Learning note: What is an agent harness?

Recently I started learning more about agents from a systems perspective. One framing I found particularly useful is:

Agent = Model + Harness

I used to think agent performance was mostly about model capability: better reasoning, better coding ability, better tool use. But for long-running tasks, the paper argues that the harness around the model can be just as important. With the exact same model, changes in tool interfaces, context management, execution environments, verification, or orchestration can lead to massive performance gains.

This made me realize that “agent infra” is not one narrow thing. It is more like the complete system stack that turns model calls into reliable task execution.

The paper proposes a taxonomy called ETCLOVG to break down this infrastructure:

  • Execution: Where the agent runs.

  • Tooling: How the agent discovers and calls tools.
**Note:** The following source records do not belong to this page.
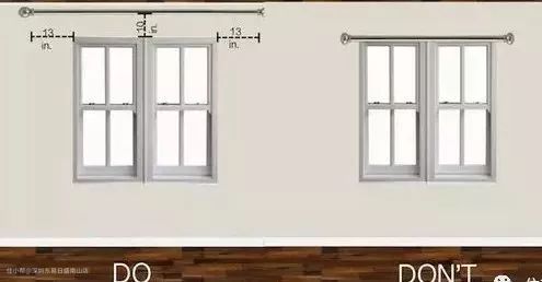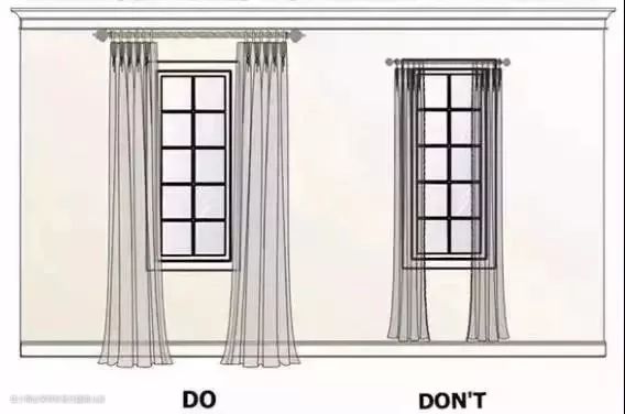 不要瞎节约那几寸布,窗帘挂高几厘米就能让层高显高几厘米,就像女生穿大长裙能显高是一个道理,从高于窗框上沿的13~18cm处开始悬挂效果较佳。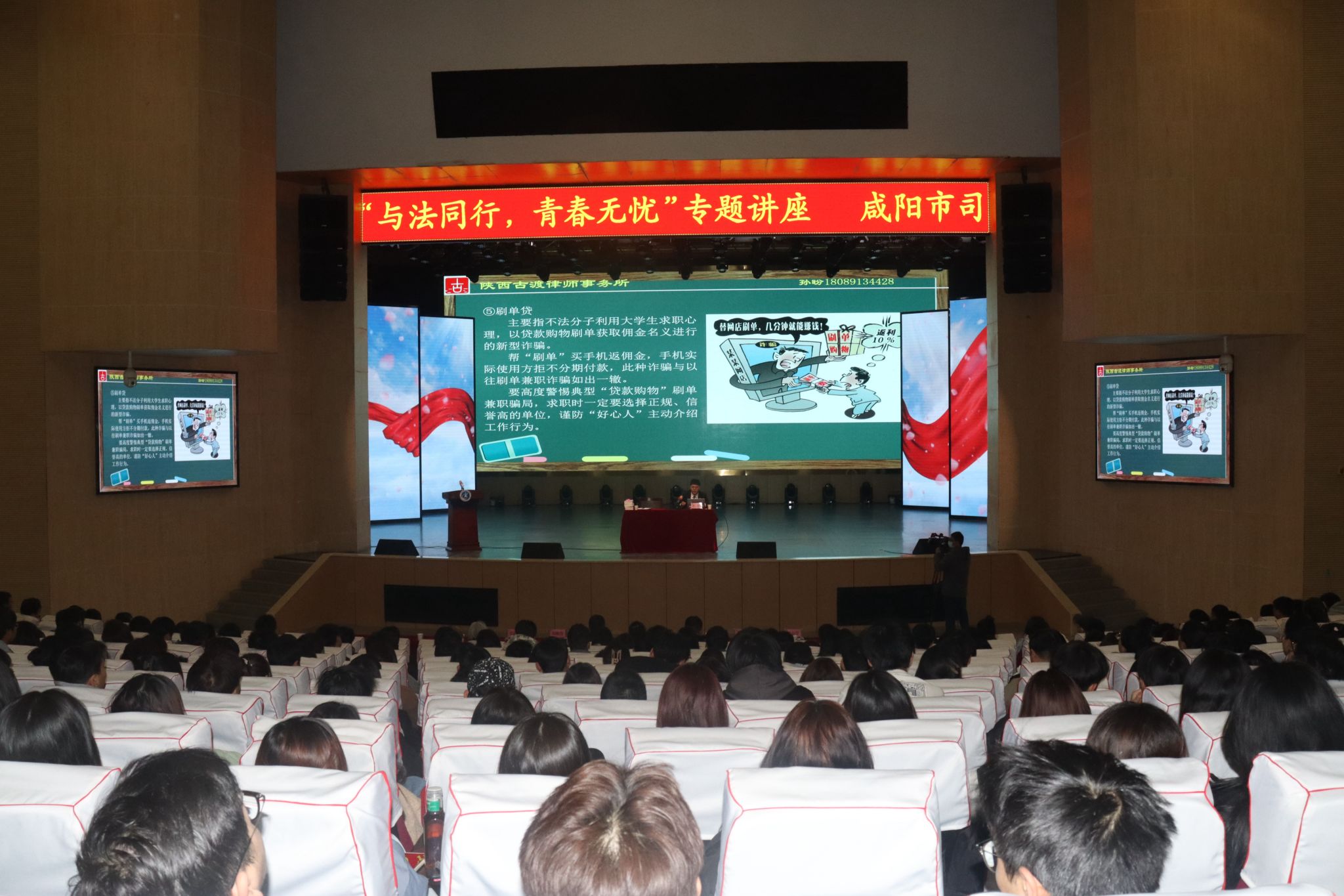 2月28日,咸阳职院信息工程学院举办“与法同行,青春无忧”大学生权益保障法律知识活动报告会。咸阳市司法局党组成员、副局长孙静,咸阳市律师协会会长张巍宇,咸阳律师行业党委委员、陕西古渡律师事务所主任孙喜民,学生处处长高鹏,保卫处副处长侯建龙等应邀参加,信息工程学院党总支书记李春民主持报告会。信息工程学院全体学工干部和400余名学生参加活动。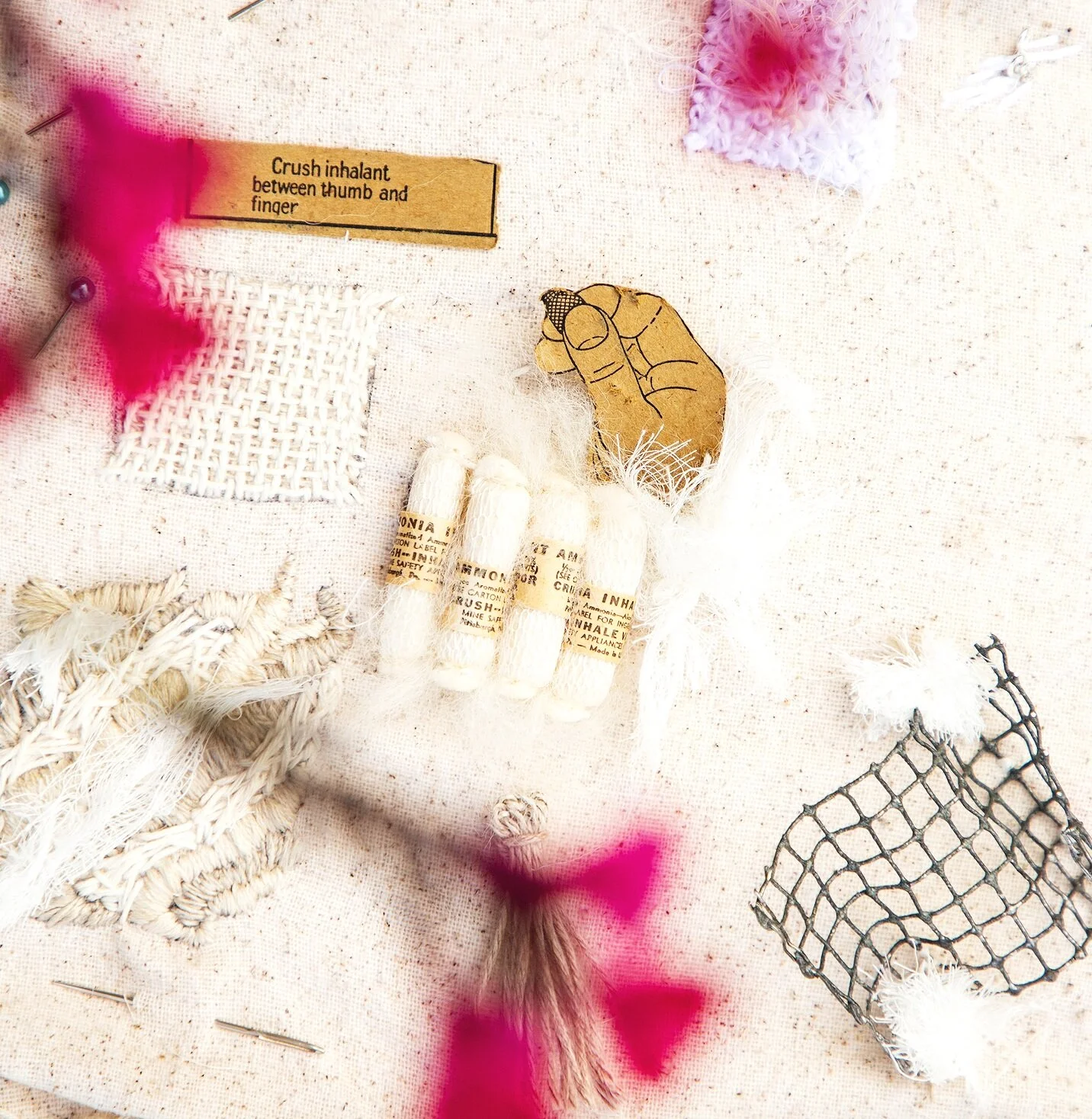 Discarded items from military first aid kit. Smelling Salts, Vintage Packaging, Gauze, Pearl Cotton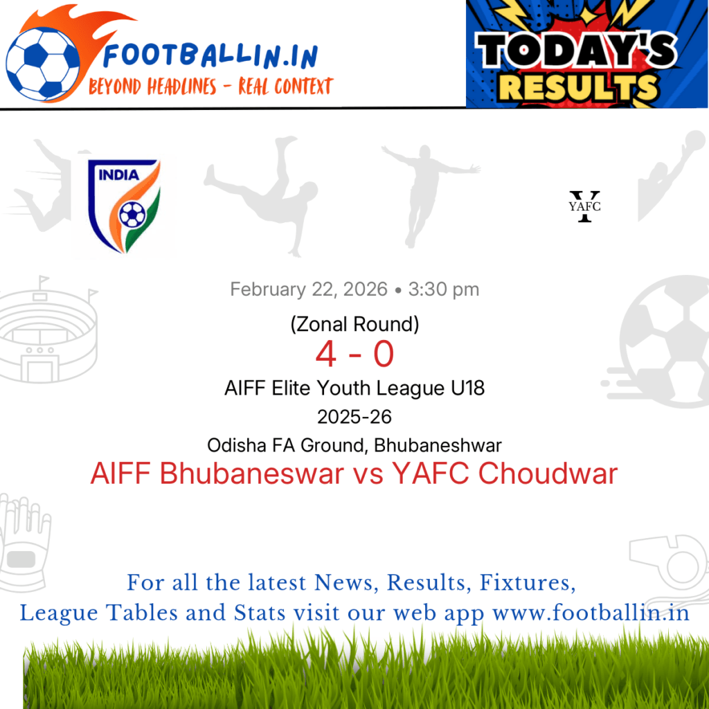 ⚽📊 League Table • Top Scorers • Statistics 📈⚽ AIFF Bhubaneswar defeated YAFC Choudwar 4-0 on Feb 22, 2026 in the Zonal Round of the AIFF Elite Youth League U18 at Odisha FA Ground, Bhubaneshwar, in a total rout. Saikhom Felex Meitei struck a sharp double for AIFF Bhubaneswar in 2’ and 12’. Lalrinsanga added […]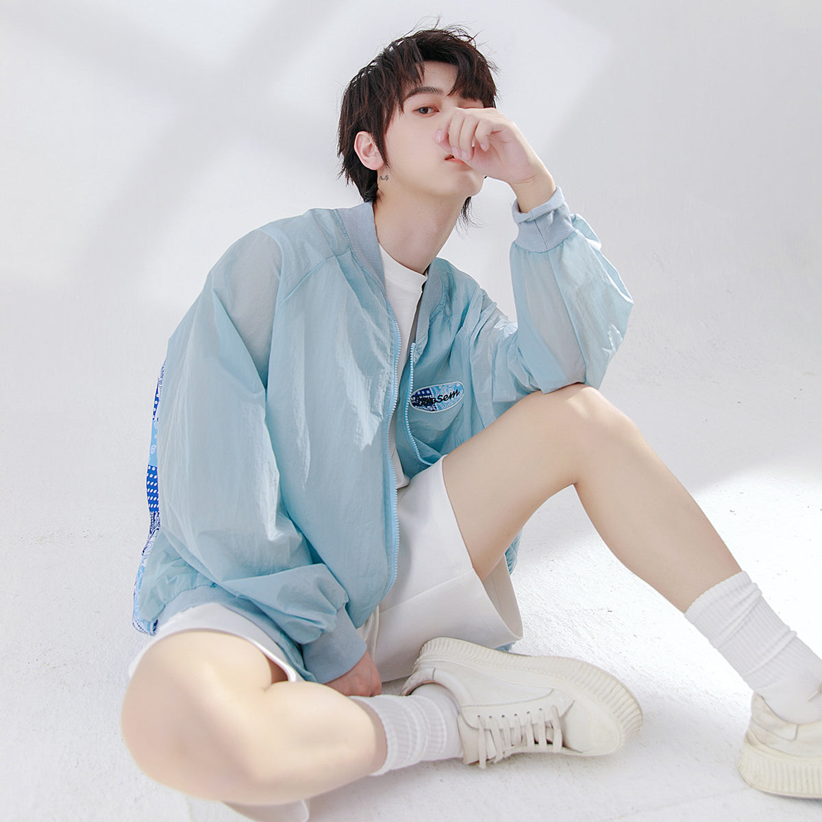 CHIC ERRO Chic Erro 2021 new casual shirt men's plaid stitching sunscreen shirt summer thin air-conditioned shirt jacket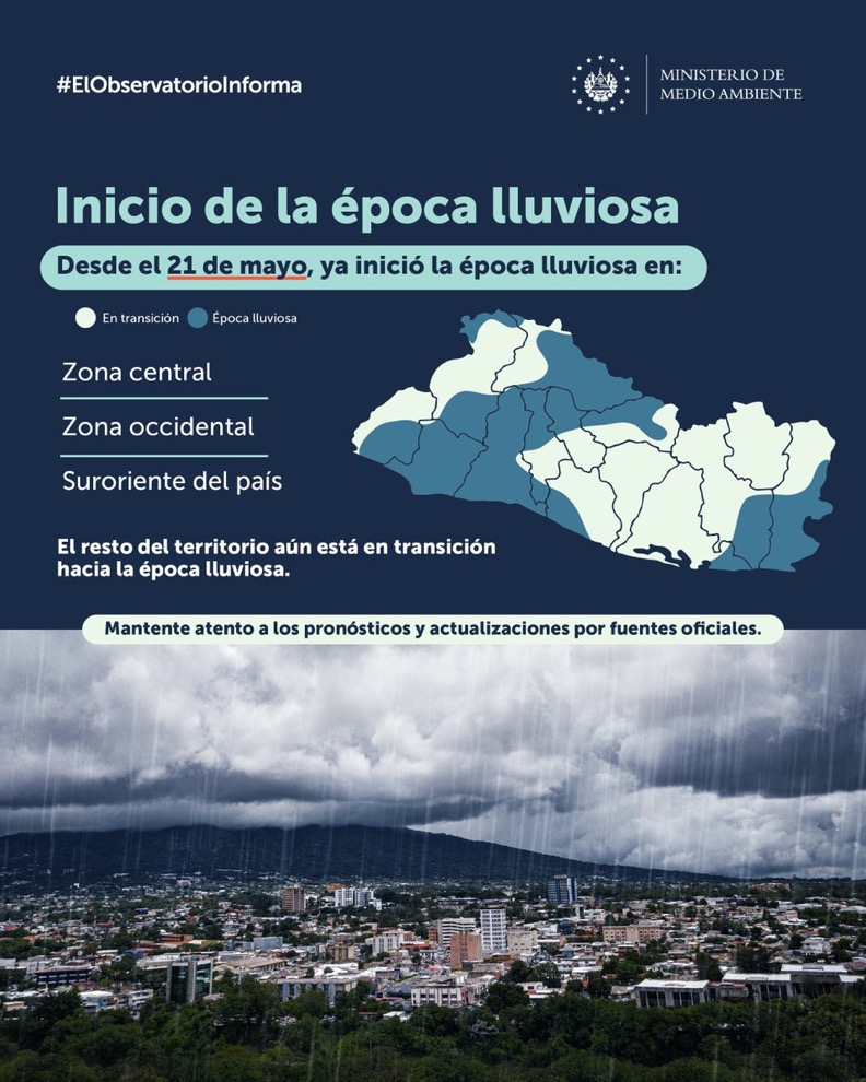 De acuerdo con el informe oficial, desde el pasado 21 de mayo se ha registrado el inicio del invierno en la parte norte del departamento de Santa Ana, la zona sureste de Ahuachapán, Sonsonate, La Libertad, así como en el norte y sur de San Salvador. También se ha establecido la época lluviosa en el norte de Cuscatlán, el centro y este de Chalatenango, el oeste de Cabañas y el sur de San Miguel y La Unión.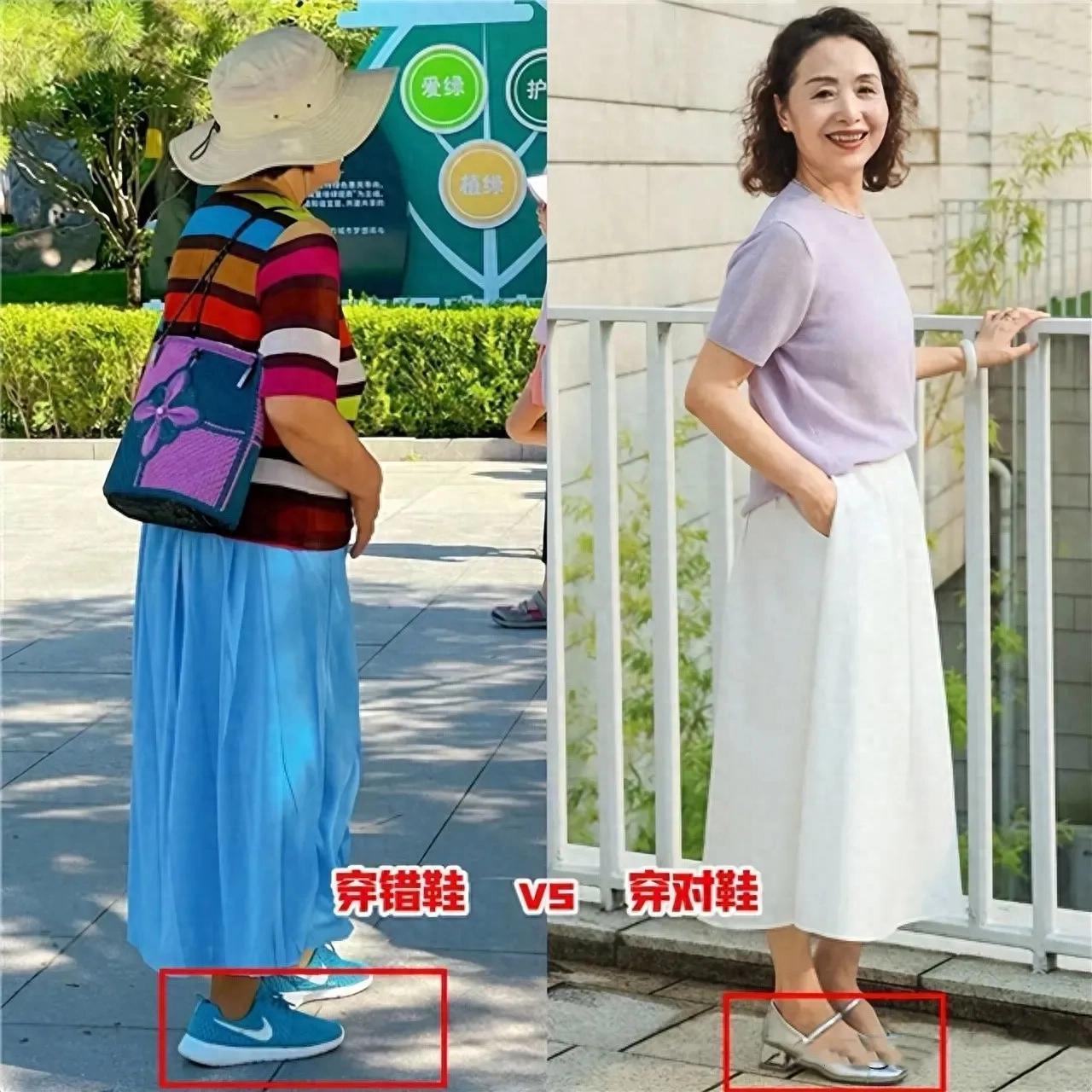 咱们就看下面这两位素人大妈的穿搭对比,同样是穿的一条半身裙,左边的这位选择浅蓝色的运动鞋,搭配上同色系的半身裙,还有彩色条纹的针织短袖,这样的穿搭配色,还有鞋子搭配是错的。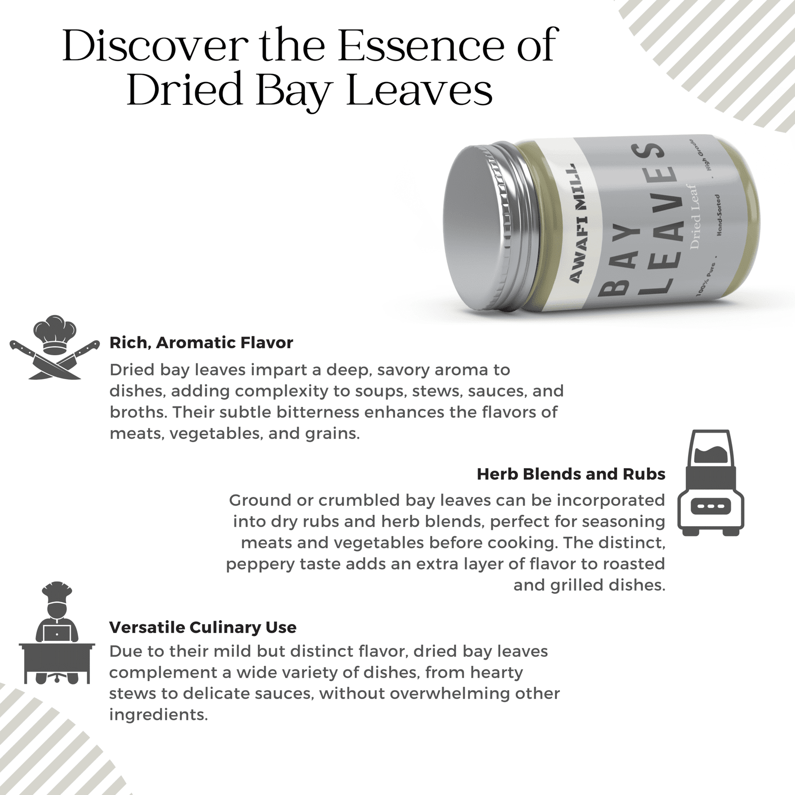 Awafi Mill Bay Leaves, also called Tej Patta, are carefully dried to preserve their full aroma and flavor. Commonly used in Indian and global cooking, these whole leaves are perfect for enhancing rice dishes, gravies, and slow-cooked recipes with their subtle, savory note.

  • Context: What information the model sees.

  • Lifecycle: How the task is orchestrated over time.

  • Observability: How traces, cost, latency, and failures are monitored.

  • Verification: How we evaluate whether the agent actually succeeded.

  • Governance: How permissions, policies, and security boundaries are enforced.

Case Study: A Coding Agent

A coding agent is a great example. When we say “an agent fixes a bug,” it is not just one LLM call that magically generates a patch. A full workflow looks much more like this:

  • ⚙️Execution: The agent starts inside a sandboxed repo environment, so it can inspect files, run commands, and execute tests without touching the user’s real machine.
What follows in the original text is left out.